Всюду, где требовался билет, студенты старались пройти «зайцами» — это считалось среди них чуть ли не доблестью. Что подтверждает такая «вузовская частушка» тех лет:

Я в Петровку по утрам

Проезжаю зайцем.

Говорят, что это — срам.

А кого касается?

Полвека спустя Александр Бовин как-то заговорил с Брежневым о трудностях низкооплачиваемых работников. Тогда Леонид Ильич вспомнил свои студенческие годы: «Вы не знаете жизни. Никто не живет на зарплату. Помню, в молодости, в период учебы в техникуме, мы подрабатывали разгрузкой вагонов. И как делали? А три ящика или мешка туда — один себе. Так все и живут в стране». В тех мешках или ящиках, скорее всего, перевозилось что-то съедобное.

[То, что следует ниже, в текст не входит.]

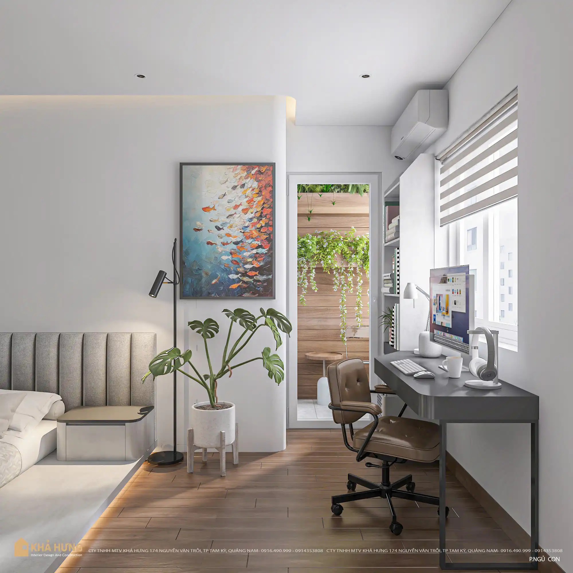 Trong thiết kế căn hộ tiện nghi, màu sắc đóng vai trò quan trọng. Sự kết hợp hài hòa giữa gam màu trung tính nhẹ nhàng cùng ánh sáng dịu, điểm xuyết bằng cây xanh, mang lại sự thư thái và cảm giác gần gũi thiên nhiên. Từng chi tiết nội thất đều được bố trí hợp lý, vừa đảm bảo công năng, vừa giữ trọn vẻ tinh tế trong thẩm mỹ.

Вот, кстати, частушка о студенческом питании:

Ужин очень аппетитный —

На столе с изюмом ситный,

К чаю сахарный песок,

А за чаем наш кружок.

Колбаса ты, колбаса,

Шпиком начиненная,

Хороша ты, колбаса,

Не про нас копченная!

Если уж в руки студентов попадало что-то вкуснее обыкновенного ситного хлеба, то этим обязательно полагалось делиться. В курской газете «Комсомолец» в 1924 году высмеивался комсомольский руководитель, который чересчур сытно ест и не делится с товарищами:

Правда, ест не спозаранку,

Но зато обед большой:

С колбасою ест таранку

И таранку с колбасой.

Ест и зрит, чтобы ребята

Не поперли колбасу.

 готовится к докладу;

Ведь ячейка на носу.

Таранка и колбаса — вот представление студента о роскошном обеде! Зайдя в нэповские лавки, вузовцы могли только полюбоваться на заваленные всякой аппетитной снедью прилавки. В мемуарах Брежнева об этом говорится так: «Жилось нам в общежитии на Херсонской улице иногда голодно, холодно, одеты мы были кто во что горазд: носили сатиновые косоворотки, рабочие промасленные кепки, кубанки, буденовки. Галстуки в те времена мы, разумеется, отвергали… Мы мечтали о светлом будущем для всего человечества, шумели, спорили, влюблялись, читали и сами сочиняли стихи».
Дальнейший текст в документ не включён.